Possible result of this tutorial

A strong feature of Grasshopper is it's ability to populate surfaces. In this tutorial we will populate a double curved surface with structural triangles. At first we will start making the component, which we will then use to populate the surface.

The Design

Before we start building the grasshopper model we should determine some of its basic properties. In the introduction we already stated that we want to populate a double curved surface with structural triangles. But to study different results we need to have different input. Therefor we need to determine some variables/parameters that will influence the different results.

These variables/parameters could include:

• number of triangles in both directions
• open/closed
• specific shape variations (round corners, etc.)
• etc.

In this tutorial we will try to keep it simple, so we skip the complicating variables (for now).

Step 1 - Starting the grasshopper model

Create a planar surface in Rhino

First of all we need to define the triangles. We do this by creating two triangles on a base surface. So first of all we need this surface. We could use a surface created within Grasshopper, but as this surface is just temporary we use a surface created in Rhino instead. Make sure you create this surface in the top right quadrant of the top viewport.

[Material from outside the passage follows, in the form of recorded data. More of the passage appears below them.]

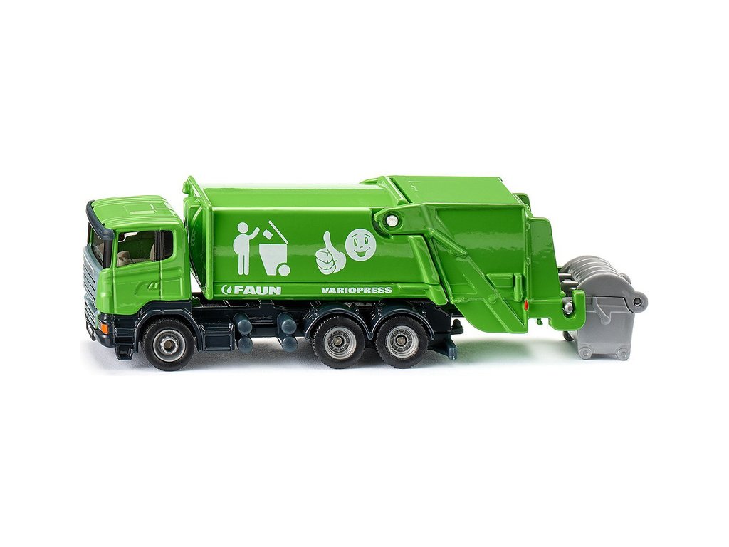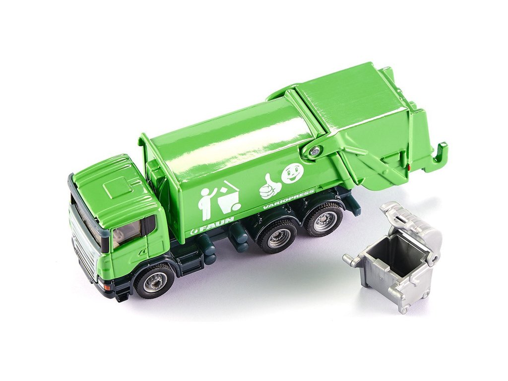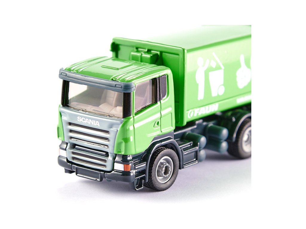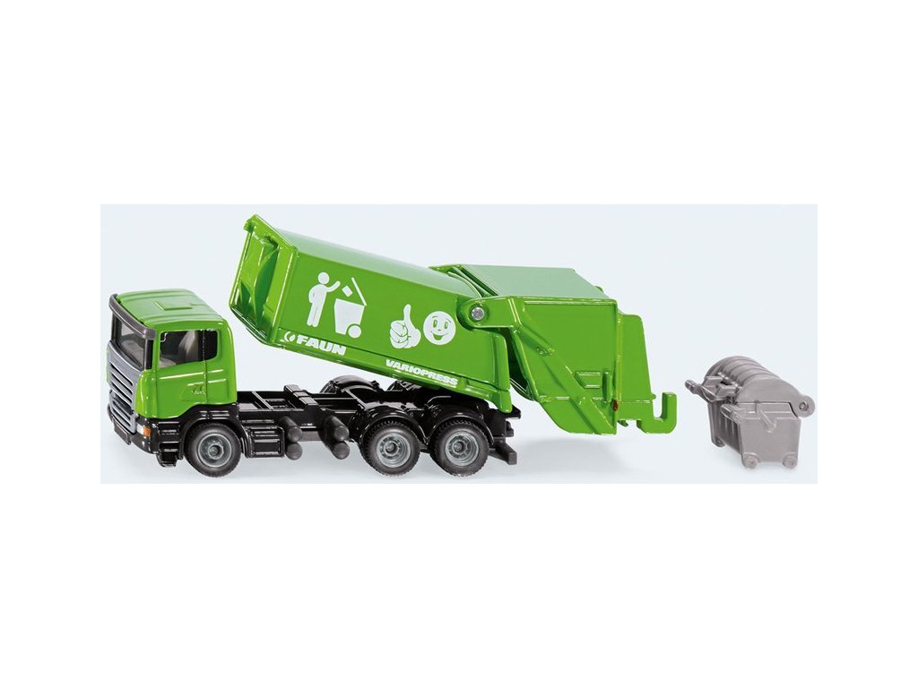 Kovový model popelářského auta Scania v měřítku 1:87 od značky Siku. Model obsahuje gumové pneumatiky, výklopnou korbu s otevíracím čelem a maketu kontejneru s otevíracím víkem. Vhodné pro hraní i sběratelství. Kvalitní zpracování z kovu a plastu.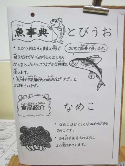 今日の給食に,『とびうお』がありました。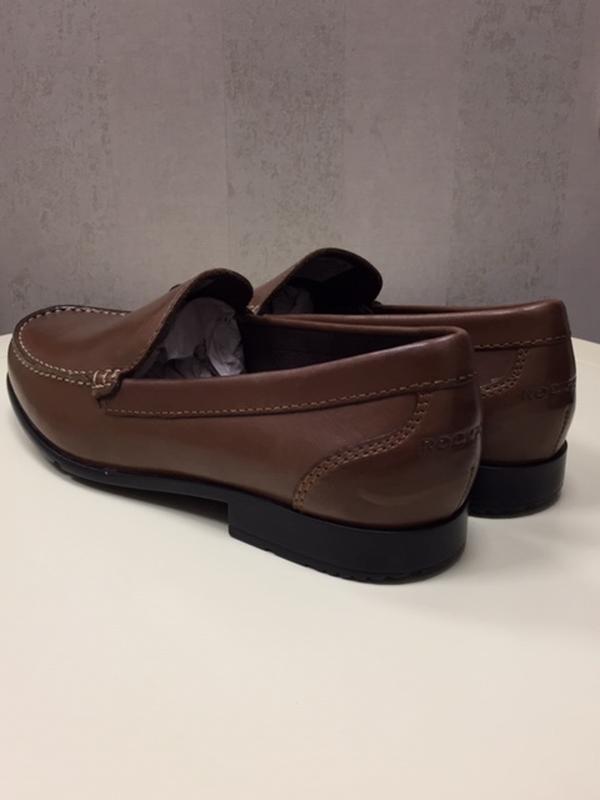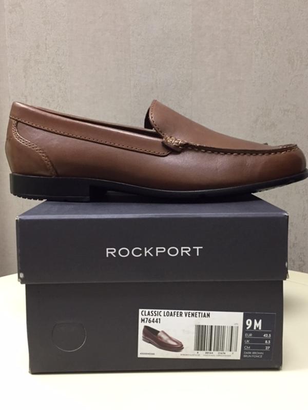 Лофери мокасини чоловічі Rockport, модель Classic Loafer Venetian (M76441). Оригінал. Замовлялися в США. Вказаний американський розмір 9, євро – 42,5. Класичний дизайн. Верх – натуральна шкіра. Колір – коричневий. Антимікробна тканинна підкладка. Пом'якшена устілка з ефектом пам'яті. Устілка не виймається, орієнтовна довжина 28 см, на ногу 27 - 27,5 див. Перевірено! Легка поліуретанова підошва. Нові, в оригінальній коробці.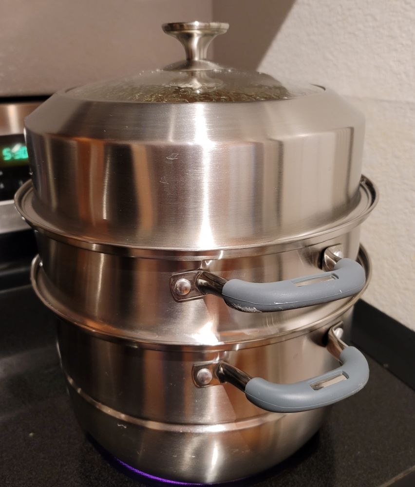 过去的这个周末挺忙的,买了一个新锅,挺喜欢的,它不大但能有三层,这样蒸馒头包子一次可以多整一点,好久没有蒸包子了,因为两屉的锅蒸的少,馒头行,包子发一点面吃一顿两顿的太费劲,所以这回有了三层的就好多了。锅,现在也贵了,这个锅51块,要在韩国店买那就得80左右了。这是中国超市买的,中国出的,质量还行。

• Create a surface in Rhino Rhino » Surface » Plane » Corner To Corner

The size of the surface does not matter that much, but it is easiest to make it more or less the estimated size of the final triangles that will make the surface.

Set the surface in Grasshopper

Now we start using Grasshopper. In Grasshopper we add a Surface parameter to be able to link to the surface we created in Rhino.

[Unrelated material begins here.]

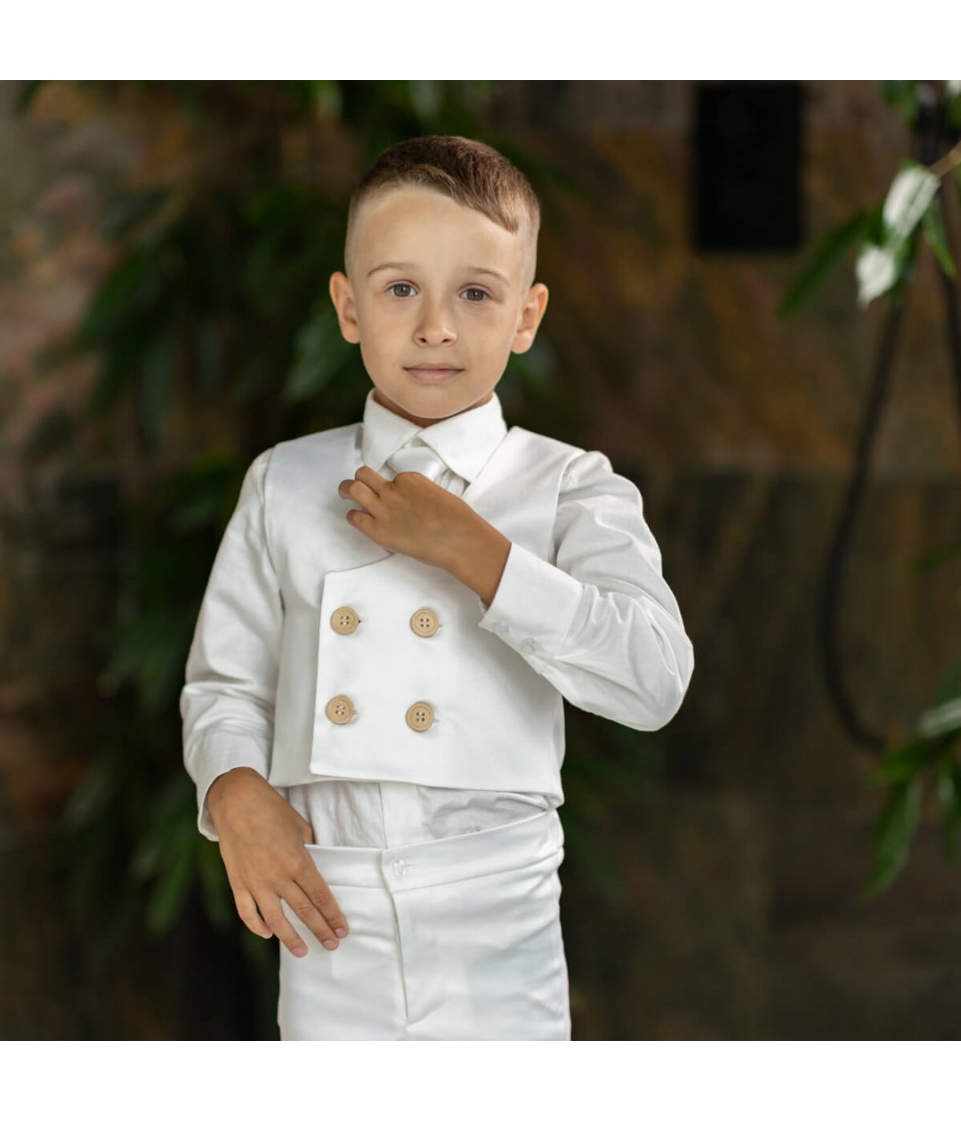 This 4-piece ensemble includes tailored pants, a crisp cotton shirt, a matching vest, and a stylish bow tie—everything he needs for a polished First Communion look.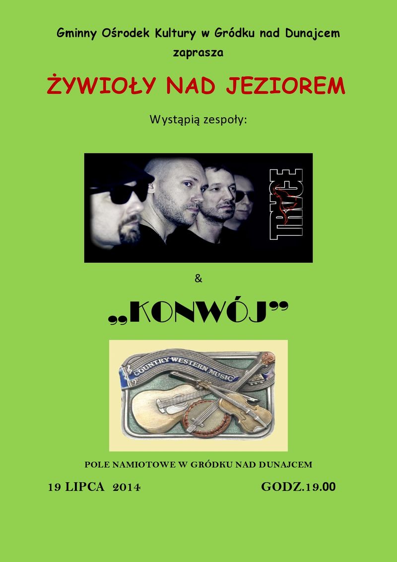 Gminny Ośrodek Kultury zaprasza w sobotę 19 lipca na pole namiotowe w Gródku nad Dunajcem na występ zespołów "TRACE" oraz "KONWÓJ". Początek imprezy o godz. 19:00. Zapraszamy!

• Create a surface parameter in Grasshopper Params » Geometry » Surface
• Set a Rhino surface on the Grasshopper Surface parameter RMB on surface parameter » Set one surface

Get the vertices of the surface

We want to create triangles between the corners of the surface. Therefore we need the data of the corners. We get this data by deconstructing the surface.

• Deconstruct the surface Surface » Analysis » Deconstruct Brep

The surface with corner points

By connecting the Surface with the BRep Components we get to see the preview of the surface with its corner points.

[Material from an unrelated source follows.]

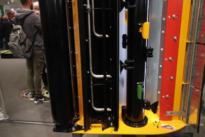 Cette version plus large embarque un boîtier de 300 ch. Elle dispose d’une trémie centrale de 500 litres, combinée à un transport pneumatique des graines. La soufflerie est animée hydrauliquement. Le dispositif comprend un escalier et une passerelle pour accéder à la trémie. Le module de trémie peut être escamoté lorsque le broyeur est uniquement utilisé pour sa fonction de base.
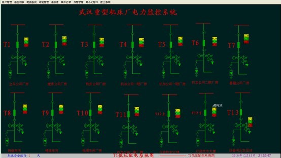 過去在各配電室的監(jiān)控系統(tǒng)都是“各自為政”,各類通訊協(xié)議的系統(tǒng)無法實(shí)現(xiàn)數(shù)據(jù)共享。這不符合電氣值班人員精簡(jiǎn)和系統(tǒng)集中監(jiān)控的發(fā)展。武漢重型機(jī)床集團(tuán)建立了各配電室之間的光纖網(wǎng)絡(luò)連接,集中于一個(gè)監(jiān)控室。通過集中監(jiān)控微機(jī)的軟件,讀取各配電室儀表的信息量,實(shí)現(xiàn)監(jiān)控機(jī)對(duì)全廠電力系統(tǒng)的集中監(jiān)控。可以了解到全廠電力系統(tǒng)狀況,這對(duì)電力系統(tǒng)事故狀態(tài)下的調(diào)度指揮也很有益處。 經(jīng)過科學(xué)的設(shè)計(jì)、安裝和調(diào)試,整套系統(tǒng)達(dá)到了預(yù)期的功能。通過監(jiān)控系統(tǒng)實(shí)現(xiàn)了控制各種儀表;實(shí)現(xiàn)對(duì)配電室數(shù)據(jù)采集、監(jiān)控和管理;同時(shí)具備報(bào)警處理等功能。友好的界面操作系統(tǒng)和簡(jiǎn)易的操作,使系統(tǒng)更具有人性化。而且,本系統(tǒng)將硬件設(shè)備組裝在自行設(shè)計(jì)的通用開關(guān)柜中,實(shí)現(xiàn)集中管理,同時(shí)也便于系統(tǒng)的維護(hù)與更換,提高產(chǎn)品的模塊化、標(biāo)準(zhǔn)化、層次化,便于系統(tǒng)的擴(kuò)展。采用組態(tài)軟件,減少了電力設(shè)備狀態(tài)監(jiān)視對(duì)人力依賴,降低了人力的成本,提高了經(jīng)濟(jì)效益。為電力系統(tǒng)的生產(chǎn)運(yùn)行和管理提供了科學(xué)、準(zhǔn)確的依據(jù)。

Preview the order of the corners

Hovering over the V of the BRep Components shows us the list containing the coordinates of the four corner points. If you want to see the order of the vertices, use a Point List node.

• Visualize the order of the vertices in Rhino Display » Vector » Point List

Retrieve specific corners from the list

We need to split the data of the corner points so we can use them individually. To do this we need a List Item.

• Retrieve a specific vertex Sets » List » List Item

Click on the plus icon

Connect the data of the BRep Components with the L input of the List Item. By clicking on the small + icon when zoomed in on the List Item function, we can get all four vertices of the surface.

• Zoom in on the List Item node and click three times on the + icon

Merge the corners into lists

Now we will create two opposite triangles from the surfaces using two polylines. To specify which vertices to use, we add a Merge node. The points should be picked clockwise. For the first polyline connect List Item index 1, 2 and 3 to the Merge node. For the second polyline respectively, select items i, 2 and 3.

• Add two Merge nodes to the canvas Set » Tree » Merge;
• For the first Merge node, connect item i, 3 and 2;
• For the second Merge node, connect item 2, 1 and i

Create two polylines and close them

Create two polylines from the Merge outputs and close them.

• Create two polylines from the Merge nodes Curve » Spline » Poly Line
• Set the the Closed input to True RMB on the C in the Poly Line » select “Set Boolean” and set to True

Current stage of the model

Our Grasshopper model should now look something like this. If you do not see two opposite triangles, you probably didn't connect the points in the correct order to the merge node.

Step 2 - Shaping up the triangles

Offset the polylines

The triangles are only curves so far, so we want to give them some thickness. First of all we are going to offset the curves.

• Offset the polylines Curve » Util » Offset

Define the offset distance

The Offset will need a distance, so it would be nice to be able to change this distance easily. Especially because we don't know exactly how big everything will be in the end. To change the Offset distance we use a Number Slider.

• Give the curve offsets a distance Params » Input » Number Slider

Create two 3pt planes

The triangles are going to populate a double curved surface. Thus the plane on which the triangles are positioned should be different for every triangle. To achieve this we have to determine the positioning of the plane.
Create a plane through three points. Use the right hand rule. Your thumb is the Z-axis, make sure it points upwards, your index finger the X-axis and your other fingers is the Y-axis.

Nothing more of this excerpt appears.